- Coordinates: 45°43′21″N 100°29′12″W﻿ / ﻿45.72250°N 100.48667°W
- Primary inflows: Missouri River
- Managing agency: Standing Rock Municipal, Rural and Industrial Water Department (SRMRIWD)
- Built: 2009–

= The Standing Rock Rural Water System =

The Standing Rock Rural Water System (RWS) is a $30 million water system funded by the American Recovery and Reinvestment Act in 2009 for about 10,000 residents of the Standing Rock Sioux reservation in North Dakota. The RWS includes the Standing Rock Water Treatment and the "Indian Memorial Intake Pump Station, a raw water pipeline, two transmission pipelines and Kline Butte Storage Reservoir." The main regulation reservoir of the Standing Rock Rural Water System is the $3.6 million Kline Butte Storage Reservoir, located southwest of Kenel, South Dakota, which consists of a 5 million gallon ground storage reservoir. Currently, (in December 2016) the intake valve for the water system is "located in a shallow part of the Missouri River near Fort Yates, North Dakota, roughly 20 miles from the planned river crossing of the controversial Dakota Access Pipeline also known as the Bakken pipeline. The Bakken oil pipeline Dakota line is to be "buried 92 feet below the riverbed in hard clay." A new valve came online in 2016 in Mobridge, South Dakota which is seventy miles south of the proposed Bakken Pipeline Missouri River crossing. This Mobridge intake valve is intended to service the entire Standing Rock Sioux reservation.

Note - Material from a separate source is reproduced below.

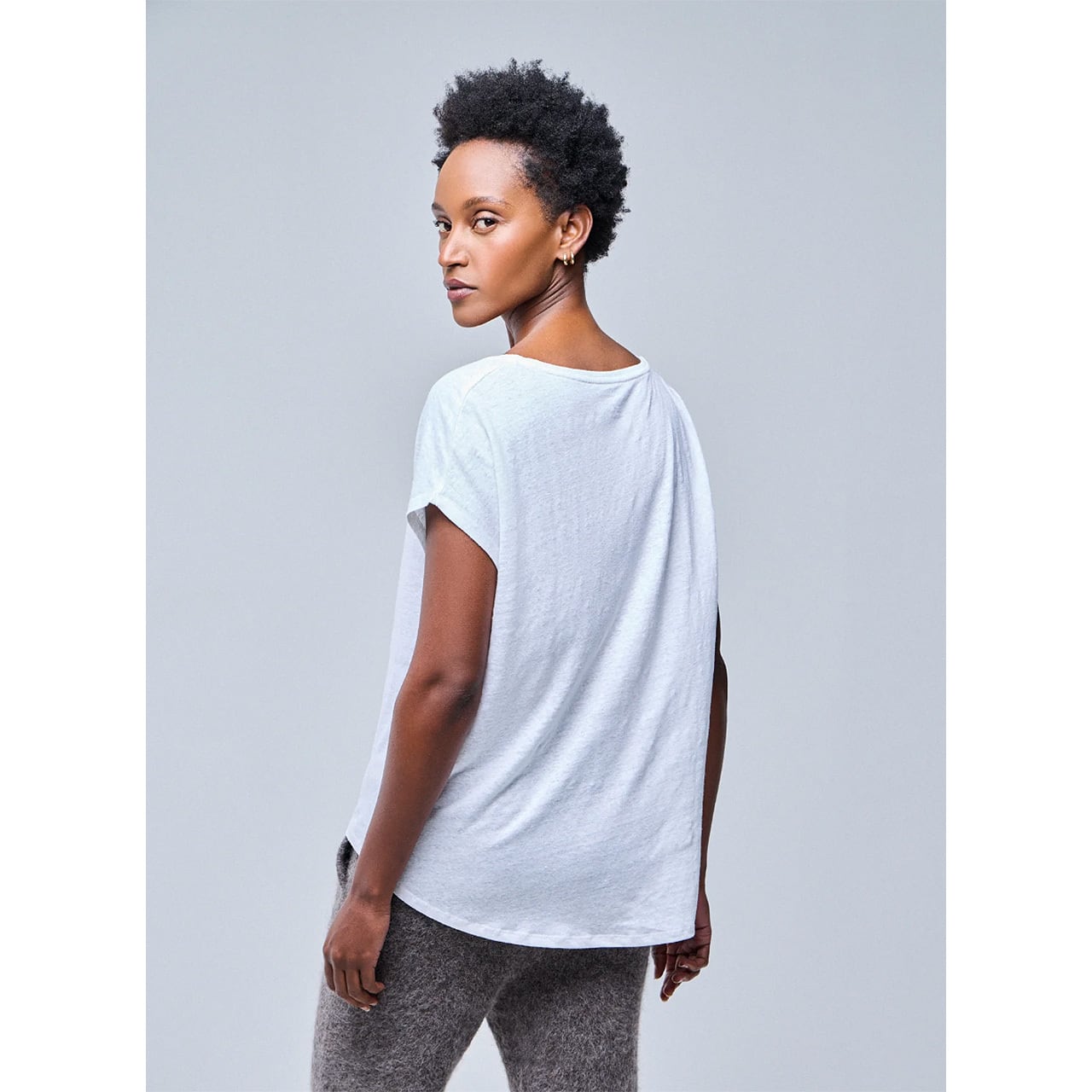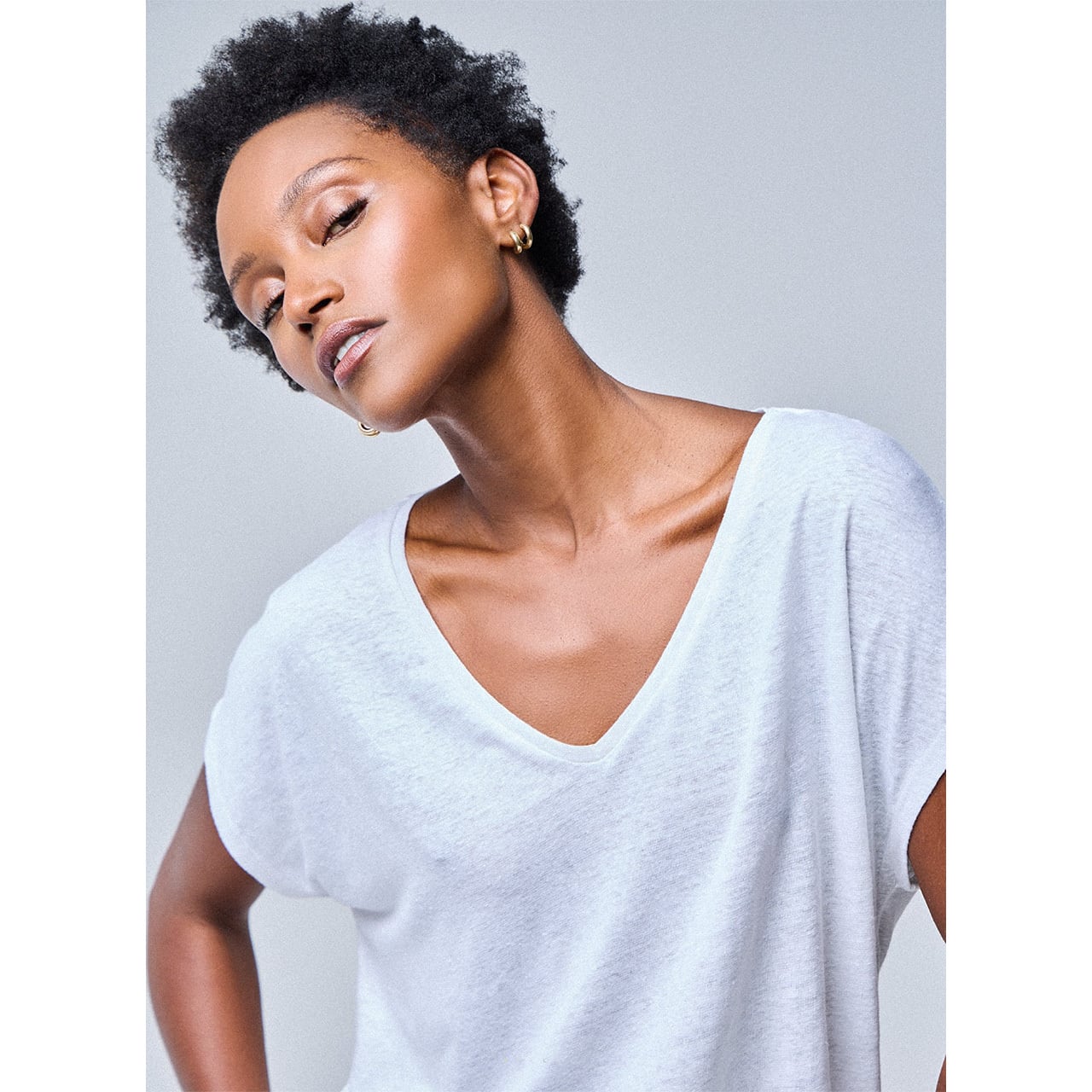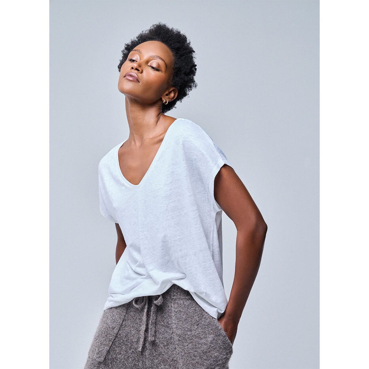 コットン&リネンのドライな肌触りとリラクシーな着心地が叶う、VネックTシャツ。

==Drought in the early 2000s==

"The Standing Rock Tribe relies on an intake along the Oahe Reservoir to supply drinking water to their communities. The Oahe Reservoir now is down 32 feet...This reservoir is being managed under rules that were written 50 years ago...This is all overwhelmingly managed for the benefit of the barge industry downstream. Because when they started this process they thought the barge industry was going to be a much more dominant economic player. That proved to be wrong. Things changed. Transportation systems changed. The management of the reservoirs has not changed." The Corps of Engineers "regulate the six dams on the mainstem of the Missouri River" and they were "extraordinarily hard headed on the issues of dealing with the water in the entire Missouri River system. The upper reaches of that system have been systematically cheated in the manner in which that river has been managed."
— Senate Hearing November 18, 2004

In the early 2000s a multi-year drought "below normal snow pack, rainfall, and runoff" resulted in caused record low reservoir levels behind the three large upper dams. In 2003 Fort Peck was down by over "34 feet, Garrison over 24 feet, and Oahe over 32 feet." This reached a crisis when on November 24, 2003, 10,000 people on the Standing Rock Sioux reservation were without water when the Fort Yates intake failed because of a low water level in the Missouri River and therefore in Lake Oahe. Hospitals and schools were forced to close. An oversight hearing on November 18, 2004 of the United States Senate Committee on Indian Affairs received testimony on problems experienced by the Standing Rock Sioux tribes situated along the Missouri River. During the severe drought from 2002 to 2005, the Game, Fish and Parks Department spent over $5 million to keep 14 of the 32 boat ramps on Lake Oahe open. Sioux elders remember how high Lake Oahe was in 1948. They could never have imagined living through a water shortage. There were concerns that water was being held upstream to ensure passage of the river barges in the State of Missouri (particularly in the Kansas City area), while people downstream were without water for human consumption. In 2004, Charles W. Murphy, chairman of the Standing Rock Sioux Tribe estimated that an inland reservoir at Fort Yates would cost $30 million. It would involve putting in an inlet further south so that the main channel would provide the water where it narrows. Successive drought years led to a cumulative negative impact on the Missouri River reservoir. Giant reservoirs were at a record low of 21 million acre below average. In 2004 the total volume dropped 3 million acre-feet less than 2003.

There is an intake at Wakpala in Lake Oahe near the mouth of the Grand River. At the upper end of Lake Oahe there are two intakes on the Missouri River, Cannon Ball, which is located in the northeastern part of Sioux County, at the confluence of the Cannonball River and Lake Oahe of the Missouri River, and Fort Yates, Sioux County, North Dakota where raw water is transmitted to the Fort Yates treatment plant. This is an integral part of the RWS, providing drinking water for 3,400 residents. The Fort Yates plant is the primary source of drinking water for the Prairie Knights Casino and Lodge and the communities of Porcupine, Cannonball and Fort Yates.